This instructable is about how to solve hard algebra problems. You may have to look closely on some of the steps, though. Sorry about that.

## Step 1: Write Down the Problem

The first thing you do when solving an algebra problem is write the problem and the steps down. Teachers love seeing the steps and it makes it easier to catch mistakes. FYI, I didn't get this problem out of a textbook. I just randomly came up with it.

## Step 2: PEMDAS

The acronym PEMDAS is something you will use every time you work with equations. It stands for Parenthesis, Exponents, Multiply, Divide, Add, and Subtract. Before we begin solving, I would like to say that we are leaving the 180x for later. Don't do anything to it yet.

## Step 3: Solve the Parenthesis

There are 2 ways to solve parenthesis: the Distribution Property, or just solving the equation in the parenthesis. During Distribution, you multiply the number immediately outside the parenthesis by each of the integers on the inside. Either method works, so do whichever you like most. I stuck with just solving the equation that was in the parenthesis: 30/3=10.

## Step 4: Handle the Exponents/ Square Roots

There are no exponents in this problem, but I drew one so you could see what one looks like. When dealing with exponents, you do not multiply the big number by the little one. The exponent (little number) tells you how many times the big number is multiplied by itself . In this case; 3*3=9

## Step 5: Multiply

Multiplication can be viewed in many forms, such as 2(10), 2*10, or 2x10. All of these mean the exact same thing: 2 times 10. In algebra, however, the variable "x" is quite common, so you may want to stop using that form.
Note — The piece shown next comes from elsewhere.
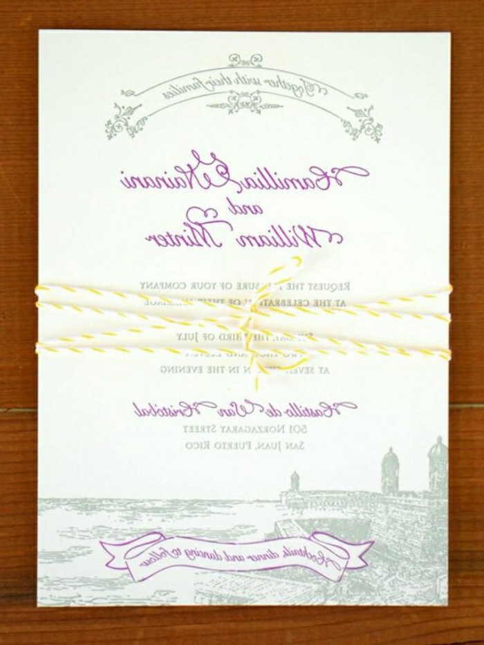Einladungskarten selbst gestalten lustige Schrift lila Farbe gelbe Schnur

Multiply 2(10)=20, and 5*11=55.

## Step 6: Divide

Now we divide. Multiplying and dividing can be done in the same step, but I just chose not to. 2/1=2.

## Step 7: Add/ Subtract (aka, Combine Like Terms)

Now you add and subtract. In algebra, we do this thing called "combining like terms." This means that we see 17-55 as a 17 and -55. We just add those, and the rest of the numbers up in a calculator to get the next answer. I circled the positive numbers and boxed the negative number to help you see my point. 20+17-55+2=-16.

## Step 8: Find X by Division

Next, we solve for x. We do this by dividing both side of the equal sign by 180. The slash shows that the 2 "180's" cancel each other out, leaving x behind (180x means 180*x, by the way). X= -16/180.

## Step 9: The Final Answer

Lastly, divide -16 by 180, and you have your final answer!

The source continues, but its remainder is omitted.